Kwasnicki [37] asserts that skewed size distributions could be found even in the absence of economies of scale, and that the shape of the distribution is the outcome of innovation in firms. In particular, according to his simulations, cost-improving innovations generate Pareto-like skewed distributions. This work also reconciles the finding by Ijiri & Simon [38] about the concavity towards the origin of log–log rank size plots. Such concavity could be produced by evolutionary forces and by innovation. Jovanovic [39] finds that rates of growth for smaller firms are larger and more variable than those for bigger firms. Similar results are found empirically for Dutch companies by Marsili [40]. On the contrary, Vining [41] had argued that the origin of the concavity is the existence of decreasing returns to scale.

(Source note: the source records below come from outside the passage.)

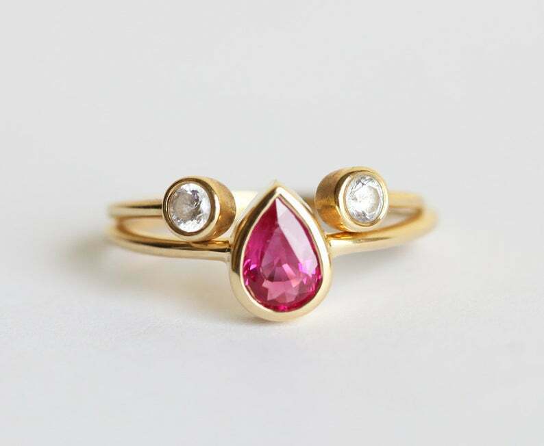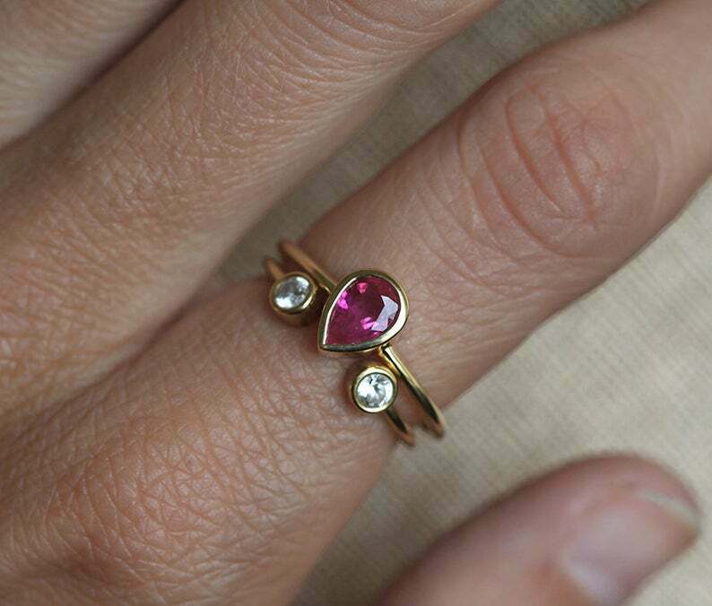 1ct Pear Cut Pink Ruby Engagement Ring 14k Yellow Gold Over Round Accent Trilogy
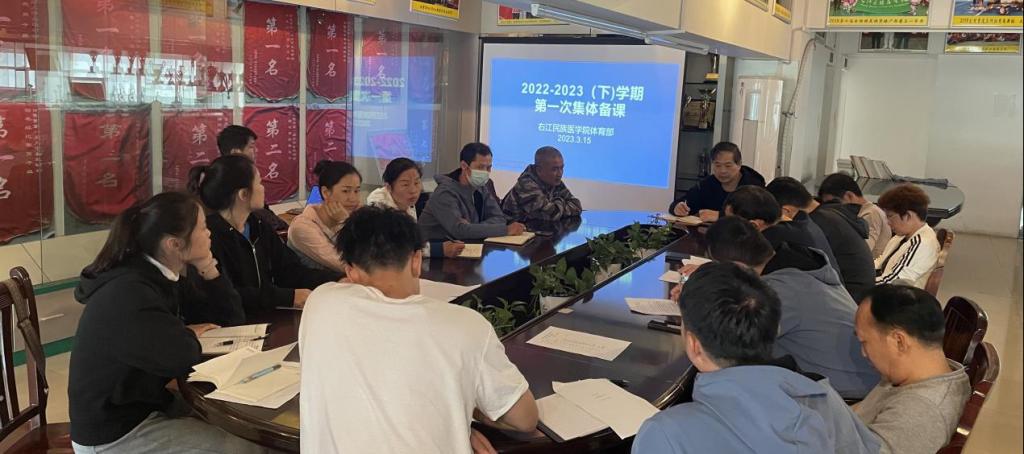 根据学校2023年春季学期开展教研室集体备课和教师试讲活动的通知要求,且为进一步规范教学管理,促进教风建设,不断提升教师教育教学能力,beats365官网 网页版公共体育教研室于2023年3月15 日下午3时组织全体教师在体育训练中心二楼会议室开展集体备课活动,本次活动由莫国锃老师主持。
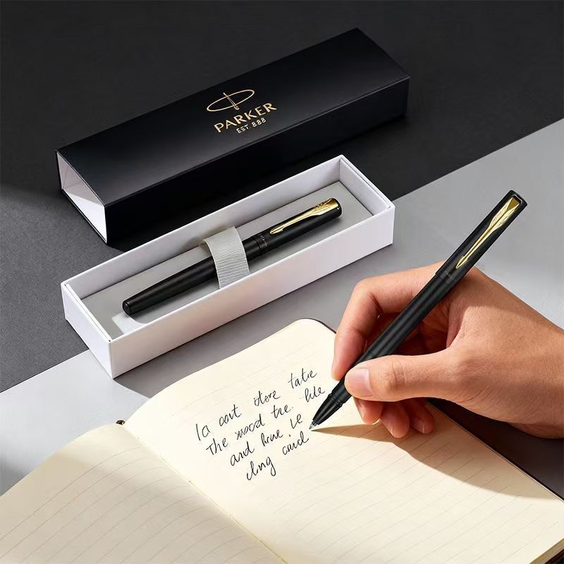 笔夹: 不锈钢+ PVD镀金;笔帽: 黄铜镀漆;书写顺滑
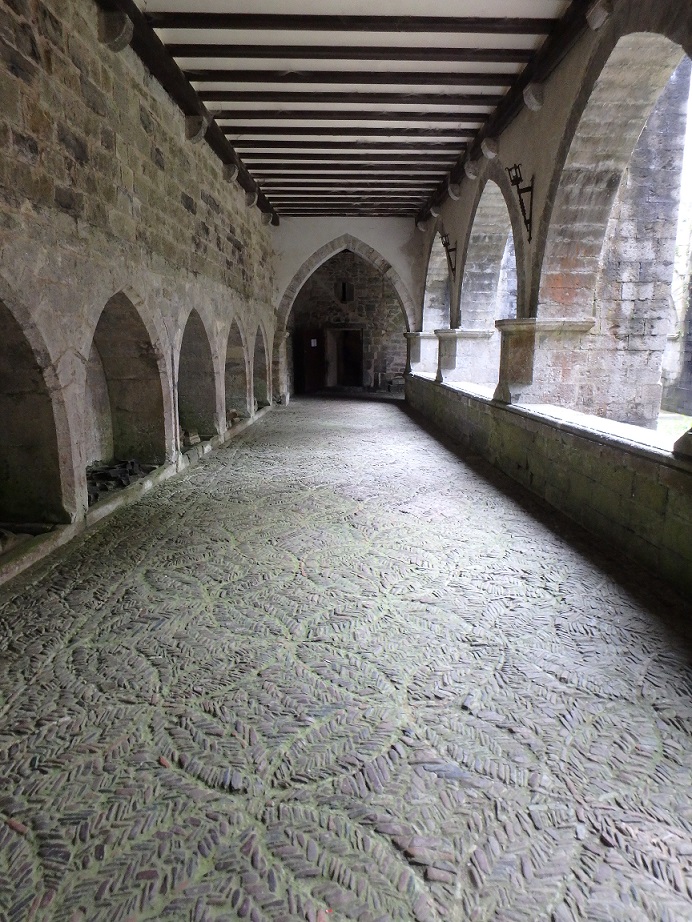 Mardi 12 septembre 2017. Aujourd’hui, un peu de tourisme dans le nord de la région de Navarre, après avoir passé la frontière espagnole. Nous commençons par Roncevaux et la visite de la collégiale. La visite guidée du musée permet de découvrir divers objets religieux (reliques, peintures, tenues, …). Puis, nous visitons une église reconstruite au XVIIème siècle, l’originale ayant été détruite pendant la bataille de Roncevaux. Nous finissons par un tour dans le cloître. Il fait frais car nous sommes en altitude, nous ne traînons pas. La pierre conserve l’humidité et le froid.

Segal & Spivak [42] develop a theoretical model in which, under the presence of bankruptcy costs, the rate of growth of small firms is prone to be higher and more variable than that of larger firms. The same model also predicts that, for the largest firms, the sequence of growth rates is convergent, satisfying Gibrat's law, namely
1.1where *x _{i}*(

*t*) is the size of the

*i*th firm at time

*t*, its change in time, and

*v*(

_{i}*t*) a size-independent growth rate. This model is consistent with some previous empirical evidence, as that of Mansfield [34]. Sutton [43] has published a review of the literature on markets' structure, highlighting the current challenges concerning FSD modelling. During the 1990s, the interest in FSD increased with the availability of new databases. A drawback of early studies was a biased selection of firms. Typically, data comprised only publicly traded firms, i.e. the largest ones. In recent years, new, more comprehensive data sources became available.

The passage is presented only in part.